# Big Entropy and the Generalized Linear Model

In [1]:
%matplotlib inline
import pandas as pd
import numpy as np

import collections

import matplotlib.pyplot as plt
import pymc3 as pm

import scipy.stats as stats

Why choose the distributions with the biggest entropy? 

1. The widest distribution and least informative. In the context of likelihoods = selecting the distribution we'd get by counting up all the ways outcomes could arise, consistent with constraints on the outcome variable. In both cases, the resulting distribution embodies the least information while remaining true to the information we've provided.
2. Nature tends to produce empirical distributions that have high entropy. 
3. Regardless of why it works, it works. There is no guarantee that logic in the small world will work in the big world, even if the mathematics works.

Information entropy: 
$$ H(p) = - \sum_{i} p_i log p_i $$

The principle of maximum entropy applies this measure of uncertainty to the problem of choosing among probability distributions.
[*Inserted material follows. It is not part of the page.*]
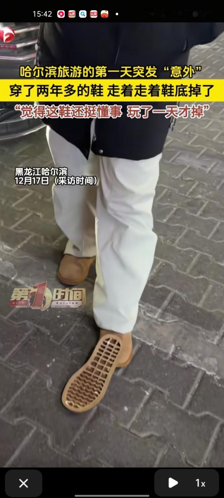 12月16日,黑龙江哈尔滨。女子发视频表示,来哈尔滨旅游第一天突发“意外”,在老家穿了两年的鞋走着走着,鞋底就掉了。回头翻看照片发现是在冰雪大世界,鞋底有一点点开胶了,觉得这双鞋挺懂事的。
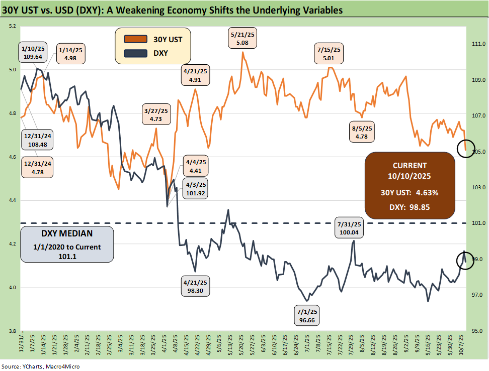 This past week saw the dollar firm up to 99.45 at close on 10/9 and then retreat again on 10/10 as noted in the chart. That came after Trump threatened 100% tariffs on China. Pre-China announcement, the recent rebound was being attributed to FOMC actions and post-meeting commentary not signaling a hyper easing move – at least until Trump gets “his guy” in the seat and more like-minded people in leadership positions.

``` The distribution that can happen the most ways is also the distribution with the biggest information entropy. The distribution with the biggest entropy is the most conservative distribution that obeys its constraints. ```

In [11]:
p = np.array(
    [[0, 0, 10, 0, 0], # pA
    [0, 1, 8, 1, 0], # pB
    [0, 2, 6, 2, 0], # pC
    [1, 2, 4, 2, 1], # pD
    [2, 2, 2, 2, 2]] # pE
)

In [17]:
p_norm = np.apply_along_axis(lambda x: x / sum(x), arr=p, axis=1)

Since these are probability distributions, we can compute the information entropy of each.

In [28]:
def entropy(arr):
    return - sum([ val * np.log(val) if val > 0 else 0 for val in arr])

In [27]:
np.apply_along_axis(lambda x: entropy(x), arr=p_norm, axis=1)

array([-0.        ,  0.63903186,  0.95027054,  1.47080848,  1.60943791])

So distribution E, which can be realized by far the greatest number of ways, also has the biggest entropy, which is not a coincidence.

** Information entropy is a way of counting how many unique arrangements correspond to a distribution. **

This is useful because the distribution that can happen the greatest number of ways is the most plausible distribution. Call this the maximum entropy distribution.